Leibniz, Villette, Kircher, and Borelli
Leibniz arranged for Tschirnhaus to study the unpublished papers of Descartes and he also was given access to unpublished papers by Pascal. He also met optician and fireworks expert François Villette and observed numerous experiments he was carrying out on burning mirrors and melting of minerals. He then travelled to Turin, Milan, Venice, Bologna and Rome, where he made contact with the leading scientists including Athanasius Kircher [4] and Alfonso Borelli in Rome. After ending his long journey in 1679, Tschirnhaus lived for a time back in his home town of Kieslingswalde. He worked on the construction of circular and parabolic mirrors, aided by his mechanic Johann Hoffmann. These allowed him to obtain high temperatures by focussing sunlight.
Mathematical Achievements
Tschirnhaus also worked on the solution of equations and the study of curves. The Tschirnhaus transformation, by which he removed certain intermediate terms from a given algebraic equation, is well-known. It was published in the scientific journal Acta Eruditorum in 1683. However, his belief that the method would allow an equation of any degree to be solved is false as had already been pointed out to him by Leibniz. [1] He also worked on so-called catacaustic curves, i.e. the envelope of light rays emitted from a point source after reflection from a given curve.
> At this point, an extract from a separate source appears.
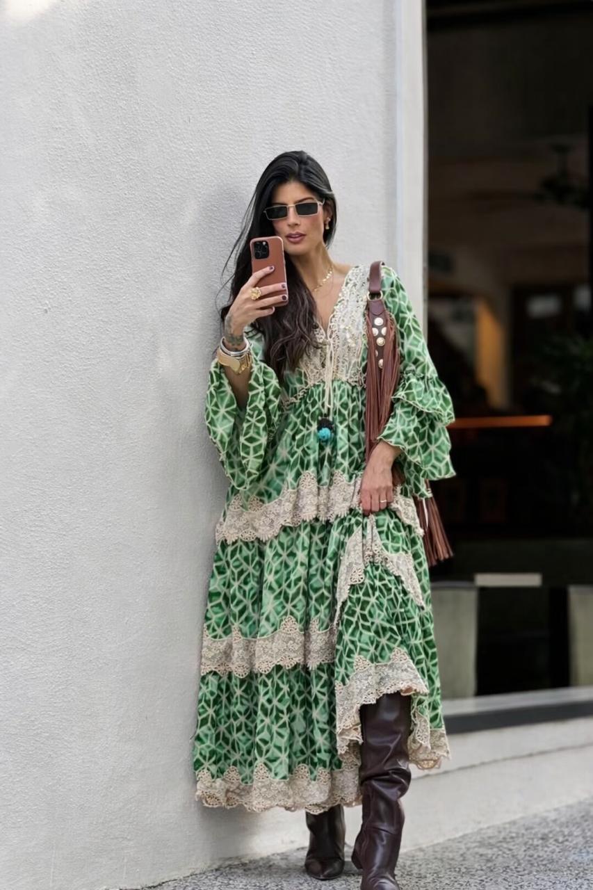 Vestido em algodão com forro e renda guipir, manga 7/8 com babado e decote V.

This was the second case in which the envelope of a moving line was determined. One of the catacaustics of a parabola still is known as Tschirnhausen cubic.
Gaining a Bad Reputation
Von Tschirnhaus produced various types of lenses and mirrors, some of them are displayed in museums. He erected a large glass works in Saxony, where he constructed burning glasses of unusual perfection and carried on his experiments. Tschirnhaus exhausted his mathematical talents in searching for algorithms. Lacking insight into the more profound relations among mathematical propositions, he easily asserted the existence of general relationships on the basis of particular results that he obtained. Moreover, he also was unwilling to accept suggestions directly from other mathematicians, although he would later adopt them as his own inventions and publish them as such, which led to strong controversies with Leibniz, Huygens, La Hire, and the Bernoullis. In the end it did cost him his scientific reputation.[5,6,7 ]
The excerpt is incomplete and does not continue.